Most interestingly, we found that the amino acids from 174 to 210 on PXR play a significant role in preserving the p53-PXR association (Fig. 4B). This sequence is absent in the alternatively spliced isoform of PXR, also referred to as PXR.2 (Lin et al., 2009), indicating that p53 specifically associates with the more abundant isoform of PXR, PXR.1. In agreement with previously reported findings, whereas PXR.1 was robustly activated by rifampicin, PXR.2 was not (Supplemental Fig. 3, A and B). Interestingly, amino acids 174–210, which are present in PXR.1 but missing from PXR.2, are specific for PXR and are highly conserved among PXR proteins from different species identified to date (Supplemental Fig. 4). The requirement for a highly conserved and PXR-specific sequence for the interaction further indicates the specificity of the p53-PXR association.
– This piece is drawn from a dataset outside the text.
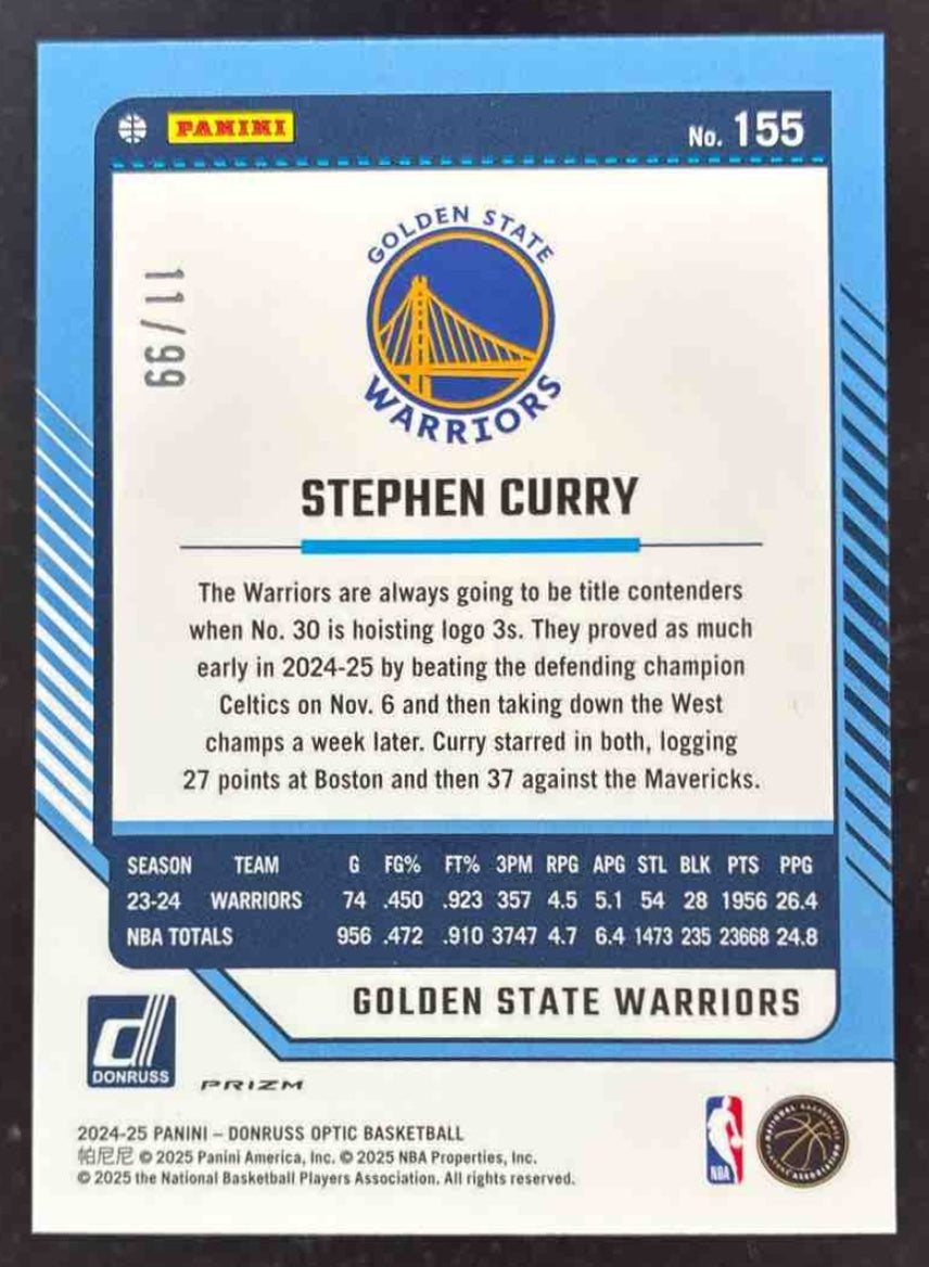 2024-25 Panini Donruss Optic Fast Break Purple #155 Stephen Curry /99

Wild-Type p53 Attenuates PXR Binding to CYP3A4 Promoter.

As transcription factors, both PXR and p53 bind to specific sequences in the promoters of target genes to initiate transcription (Kliewer et al., 2002; Menendez et al., 2009). We used the ChIP assay to determine whether p53 modulates the binding of PXR to its target promoter in CYP3A4 in hepatocellular carcinoma cells HepG2 stably expressing FLAG-PXR, which endogenously express wild-type p53 (Puisieux et al., 1993). Anti-FLAG immunoprecipitations from HepG2 cells overexpressing wild-type p53 showed significantly less PXR recruited to the DR3 region of the CYP3A4 promoter than in immunoprecipitated samples from cells expressing only the control empty vector (Fig. 5, A and B). In contrast, overexpression of the p53 R175H mutant did not attenuate but enhanced the PXR association with CYP3A4 promoter (Fig. 5, A and B), consistent with its dominant negative effect (Fig. 2C). The levels of endogenous as well as transfected p53 are indicated in Fig. 5C.

Discussion

PXR is a master xenobiotic sensor whose activity is upregulated by binding to agonists, and the agonist-mediated receptor activity is modulated by the association of PXR with various protein partners. We showed in this study, for the first time, that p53 is one such PXR protein partner whose physical association leads to attenuation of PXR activity. We also show that the decrease in the binding of PXR to its target promoter contributes to such attenuation of receptor activity.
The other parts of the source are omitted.